Potential uses of prediction markets
If individual reviewers aren’t good at spotting incredible results, perhaps this should be passed to a crowdsourcing platform to determine whether or not high profile studies should be published in high profile journals. As all of the editorial board team members have expertise in the journal’s content, perhaps they could make up the panel of experts that judge on the replicability of each issue’s content. Over time, each editorial board team members’ quality would be recorded, and over time their ‘usefulness’ might be quantitatively valued.
Prediction markets are likely to work well when complex decisions have to be taken by changing a small committee of people with limited information to a much larger group with better collective experience.
Choosing student projects to fund
Each year a limited number of people apply for bursaries to conduct projects in invasion biology at the CIB. The number of bursaries available is between a tenth and a quarter of the number of applicants. The committee (of 5 people) examines each application on a number of criteria from the application including qualities of the student, the project, the focus and past performance of the advisor. Knowledge of the panel is imperfect as they don’t know all of the information behind each application. Occasionally, phone calls during decision meetings are made to fill in blanks, but decisions are made on scoring each project with projects that have the top scores getting funded.
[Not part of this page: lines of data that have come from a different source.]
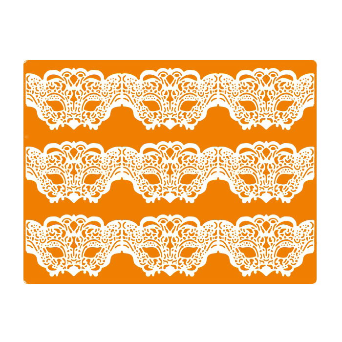 Covoras din silicon alimentar pentru realizarea dantelelor comestibile, utilizate la decorarea torturilor, topurilor de cupcakes, biscuitilor, prajiturilor sau altor produse de cofetarie.
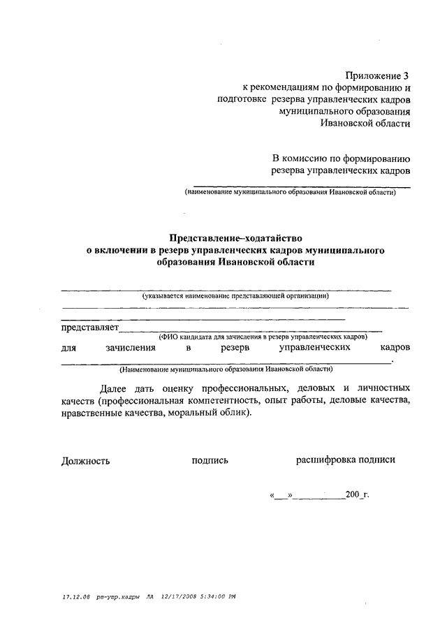 Распоряжение Правительства Ивановской области от 24.12.2008 N 485-рп "Об утверждении рекомендаций по формированию и подготовке резерва управленческих кадров муниципального образования Ивановской области"
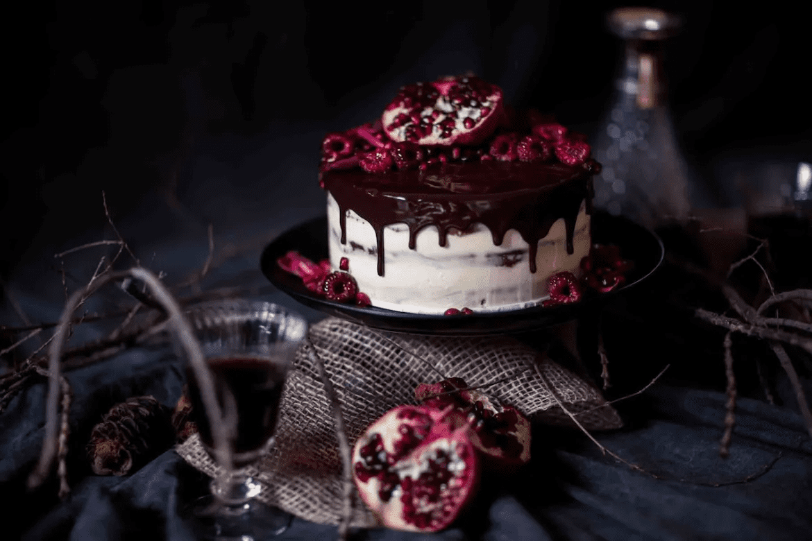 A torta belsejében három réteg enyhén csokis, puha gyümölcstorta található, melyeket könnyű mascarponés krémmel töltöttem és vontam be. A csokoládé ganache fényessé teszi, én pedig mindenféle piros színűvel megszórtam, amit csak találtam – gránátalmával, málnával és rózsaszirmokkal. Használj nyugodtan bármit, amid szezonális! A buggyantott körte is remek lenne, akárcsak a vérszilva és a cseresznye.
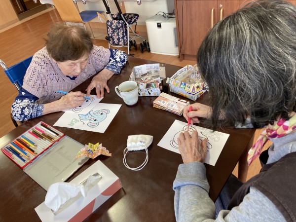 簡単な小象の塗り絵ですが、同じ配色がメインになるので、塗り始める前に悩まれるご利用者様もいました。

Enter the prediction market.Now a larger number of people can get involved - this could be the entire Core Team of the CIB, or the core team and all existing students. Some will have much better information than the original panel, and will have some impetus to trade with greater confidence. Those with less information are less likely to participate or buy less stock. Advisors who have several student applications are similarly forced to either split their stakes evenly, or potentially back a preferred application over one they consider less likely to succeed. Once the projects are funded (based on the outcome of the prediction market), their success or otherwise will be gauged by whether the degree is gained by the student within the time allotted. For students that fail to produce in time (or meet any set of milestones) will be regarded as having failed, and the payout will be for those that had stock predicting this.
Other potential uses
A similar position is faced by anyone looking at applications from stakeholders that have imperfect knowledge, but where a community of experts exists that have better collective knowledge. Outcomes of proposed projects need to have clear milestones, and on a timescale whereby the participants are still likely to be around to see the return of their knowledge investment. There are a lot of potential uses within the academic environment including:grant applications; hiring committees; etc.
Recognition of weakness
Once we have recognised where we are likely to perform badly at decision making, we should be willing to look to other solutions to improve our performance. There is clearly some distaste in the idea of a money market on making decisions, so could this instead form part of the reputation of those that take part? Would you be willing to wager your scientific reputation on the outcome of a hire, a student bursary or a grant application?
References:
Dreber, A, T Pfeiffer, J Almenberg, S Isaksson, B Wilson, Y Chen, BA Nosek, and M Johannesson. Using Prediction Markets to Estimate the Reproducibility of Scientific Research. Proceedings of the National Academy of Sciences112, no. 50 (December 15, 2015): 15343–47.https://doi.org/10.1073/pnas.1516179112.
Measey, John.How to Write a PhD in Biological Sciences: A Guide for the Uninitiated, 2021.http://www.howtowriteaphd.org/.
Serra-Garcia, M, and U Gneezy. Nonreplicable Publications Are Cited More than Replicable Ones. Science Advances7, no. 21 (May 1, 2021): eabd1705.https://doi.org/10.1126/sciadv.abd1705.
Trivers, Robert.The Folly of Fools: The Logic of Deceit and Self-Deception in Human Life. 1st edition. New York, NY: Basic Books, 2011.
Want to read more?
This blog is the basis of two books currently in press, but you can read them free online now:
What if we did have good, editorially coordinated peer review of preprints?
What if, instead of these manuscripts effectively leaving the preprint system, they were updated together with the reviews that prompted the updates, each with their own linked DOI?
What if the journals themselves were simply pointing to collections of papers that had been curated in this way?
Simply, this could be a website that throws a veneer of a journal as waypoints to peer reviewed journals?
This world has already been imagined and is functioning in mathematics, where Overlay Journals have begun to prosper.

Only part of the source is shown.